■ What this task involves
Could you restate word for word only the lines below from the one holding "mold or mildew." to the one holding "Zahngesundheitsvorsorge von Sigrun", inclusive, and leave out the pictures?

■ Data
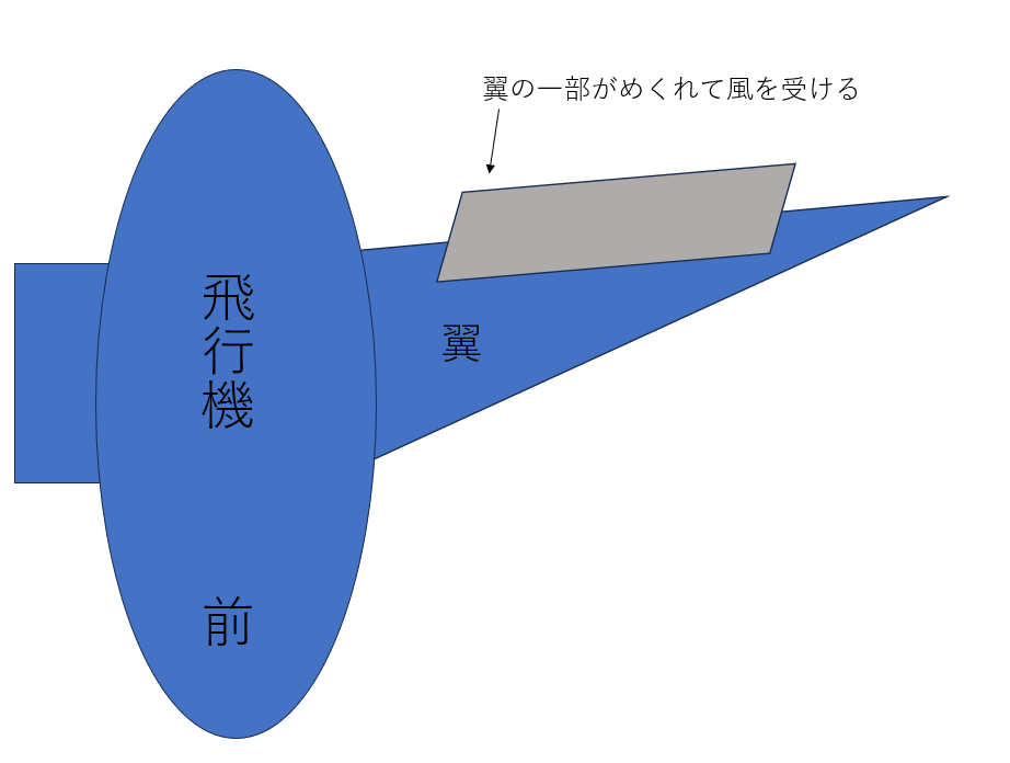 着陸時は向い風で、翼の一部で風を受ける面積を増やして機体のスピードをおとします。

--

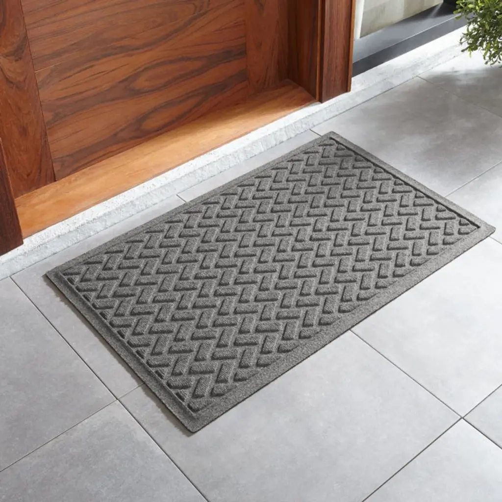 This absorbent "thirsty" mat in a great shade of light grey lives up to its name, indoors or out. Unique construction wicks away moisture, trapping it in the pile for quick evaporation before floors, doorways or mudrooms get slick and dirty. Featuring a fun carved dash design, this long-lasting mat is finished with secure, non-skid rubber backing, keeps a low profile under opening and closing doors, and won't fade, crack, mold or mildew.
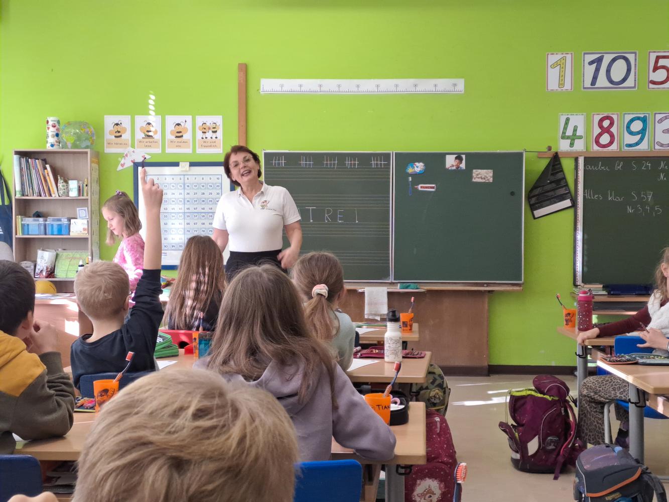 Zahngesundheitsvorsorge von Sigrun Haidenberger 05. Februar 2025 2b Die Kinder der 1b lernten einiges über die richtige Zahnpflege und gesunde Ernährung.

...

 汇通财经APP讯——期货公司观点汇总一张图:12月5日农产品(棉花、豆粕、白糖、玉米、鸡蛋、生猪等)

■ Solution for this task
 This absorbent "thirsty" mat in a great shade of light grey lives up to its name, indoors or out. Unique construction wicks away moisture, trapping it in the pile for quick evaporation before floors, doorways or mudrooms get slick and dirty. Featuring a fun carved dash design, this long-lasting mat is finished with secure, non-skid rubber backing, keeps a low profile under opening and closing doors, and won't fade, crack, mold or mildew.
 Zahngesundheitsvorsorge von Sigrun Haidenberger 05. Februar 2025 2b Die Kinder der 1b lernten einiges über die richtige Zahnpflege und gesunde Ernährung.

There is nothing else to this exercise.